Canadian billionaire Prem Watsa’s Fairfax Financial Holding has in its results filing said that it is “exploring all avenues under applicable law” to achieve majority ownership in the parent company of Go Digit General Insurance.
Fairfax filing follows the insurance regulator rejecting a proposal to convert compulsory convertible preferred shares held by FAL Corporation (part of Fairfax group) in Go Digit Infoworks into equity shares.
Fairfax currently owns 45. 3% of the holding company Go Digit Infoworks, which has 83% stake in the insurer.
Digit Insurance had mentioned the Irdai’s stance on the conversion of CCPS (compulsorily convertible preference shares) in its IPO offer document.

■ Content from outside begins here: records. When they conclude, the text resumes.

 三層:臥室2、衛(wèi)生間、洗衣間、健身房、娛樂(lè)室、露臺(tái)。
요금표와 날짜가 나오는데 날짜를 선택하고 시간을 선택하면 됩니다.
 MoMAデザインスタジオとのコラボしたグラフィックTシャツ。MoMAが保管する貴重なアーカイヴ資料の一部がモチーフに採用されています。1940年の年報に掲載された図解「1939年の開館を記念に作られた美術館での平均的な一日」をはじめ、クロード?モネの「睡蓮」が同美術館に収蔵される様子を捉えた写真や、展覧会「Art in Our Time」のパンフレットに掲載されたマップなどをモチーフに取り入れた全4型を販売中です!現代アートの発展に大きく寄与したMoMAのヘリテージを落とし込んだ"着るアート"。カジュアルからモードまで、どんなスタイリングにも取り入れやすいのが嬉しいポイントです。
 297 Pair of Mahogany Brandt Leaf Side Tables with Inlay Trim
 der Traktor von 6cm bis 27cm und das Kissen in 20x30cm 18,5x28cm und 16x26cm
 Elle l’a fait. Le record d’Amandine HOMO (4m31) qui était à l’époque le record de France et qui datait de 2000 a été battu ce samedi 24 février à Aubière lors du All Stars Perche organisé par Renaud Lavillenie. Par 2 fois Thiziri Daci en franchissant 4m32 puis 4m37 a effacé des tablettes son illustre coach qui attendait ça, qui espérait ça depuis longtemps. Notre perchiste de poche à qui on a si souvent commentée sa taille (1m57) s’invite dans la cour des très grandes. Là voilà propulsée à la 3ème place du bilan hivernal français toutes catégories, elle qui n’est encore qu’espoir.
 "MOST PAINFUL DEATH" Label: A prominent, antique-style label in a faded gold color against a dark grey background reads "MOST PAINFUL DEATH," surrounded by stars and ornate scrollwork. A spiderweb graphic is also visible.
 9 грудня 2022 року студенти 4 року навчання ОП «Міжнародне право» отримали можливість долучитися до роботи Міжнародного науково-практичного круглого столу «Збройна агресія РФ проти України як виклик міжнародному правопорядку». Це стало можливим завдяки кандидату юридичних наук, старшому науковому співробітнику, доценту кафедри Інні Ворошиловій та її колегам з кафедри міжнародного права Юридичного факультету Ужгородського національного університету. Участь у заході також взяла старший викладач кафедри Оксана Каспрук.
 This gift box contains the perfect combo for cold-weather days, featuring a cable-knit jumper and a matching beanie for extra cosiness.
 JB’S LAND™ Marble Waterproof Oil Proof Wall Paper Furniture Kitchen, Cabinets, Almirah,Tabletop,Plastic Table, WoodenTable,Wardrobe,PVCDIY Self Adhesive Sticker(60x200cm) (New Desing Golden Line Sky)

According to the draft red herring prospectus (DRHP), Irdai had rejected the conversion of CCPS into shares because it would result in Go Digit Infoworks (the holding company of Digit Insurance) becoming a subsidiary of the Fairfax group, which is not allowed by regulations.
In its filing, Fairfax said that the majority ownership of Digit would enable Fairfax to report a gain of approximately $375 million.
In August, Go Digit filed its draft DRHP for an IPO looking to raise around Rs 1,250 crore through a combination of fresh equity shares and an offer for sale of 11 crore shares. In September, Sebi said it kept the IPO abeyance without giving any reasons. Rules allow foreign insurers to hold up to 74% of an insurance company. However, there are guidelines which prevent a step-down subsidiary holding company from becoming a promoter.